**Exercise details:**
Give the data again exactly as written, without any of its pictures.

**Dataset content:**

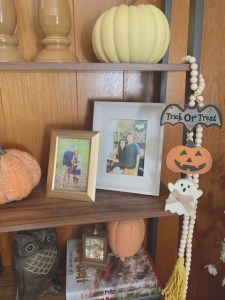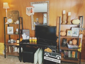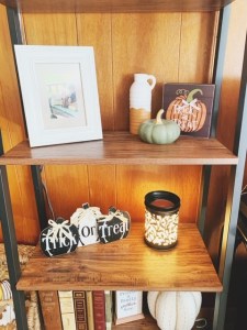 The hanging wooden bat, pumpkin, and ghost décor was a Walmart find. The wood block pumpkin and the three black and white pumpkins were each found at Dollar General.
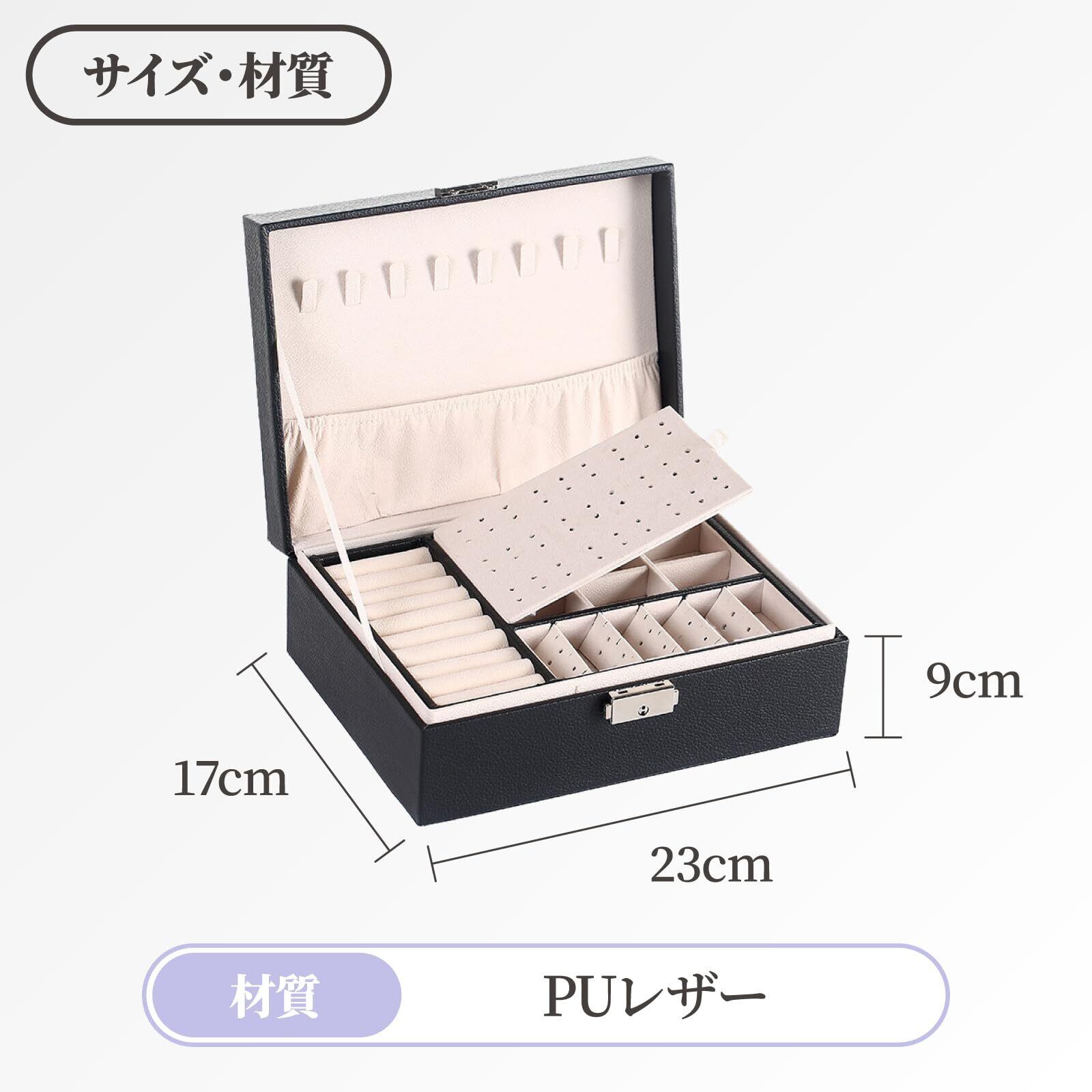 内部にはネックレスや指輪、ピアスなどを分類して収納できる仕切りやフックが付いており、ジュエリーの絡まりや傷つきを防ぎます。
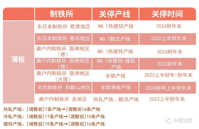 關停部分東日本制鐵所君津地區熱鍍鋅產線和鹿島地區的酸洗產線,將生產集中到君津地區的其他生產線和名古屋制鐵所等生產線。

**Response to the task:**
 The hanging wooden bat, pumpkin, and ghost décor was a Walmart find. The wood block pumpkin and the three black and white pumpkins were each found at Dollar General.
 内部にはネックレスや指輪、ピアスなどを分類して収納できる仕切りやフックが付いており、ジュエリーの絡まりや傷つきを防ぎます。
 關停部分東日本制鐵所君津地區熱鍍鋅產線和鹿島地區的酸洗產線,將生產集中到君津地區的其他生產線和名古屋制鐵所等生產線。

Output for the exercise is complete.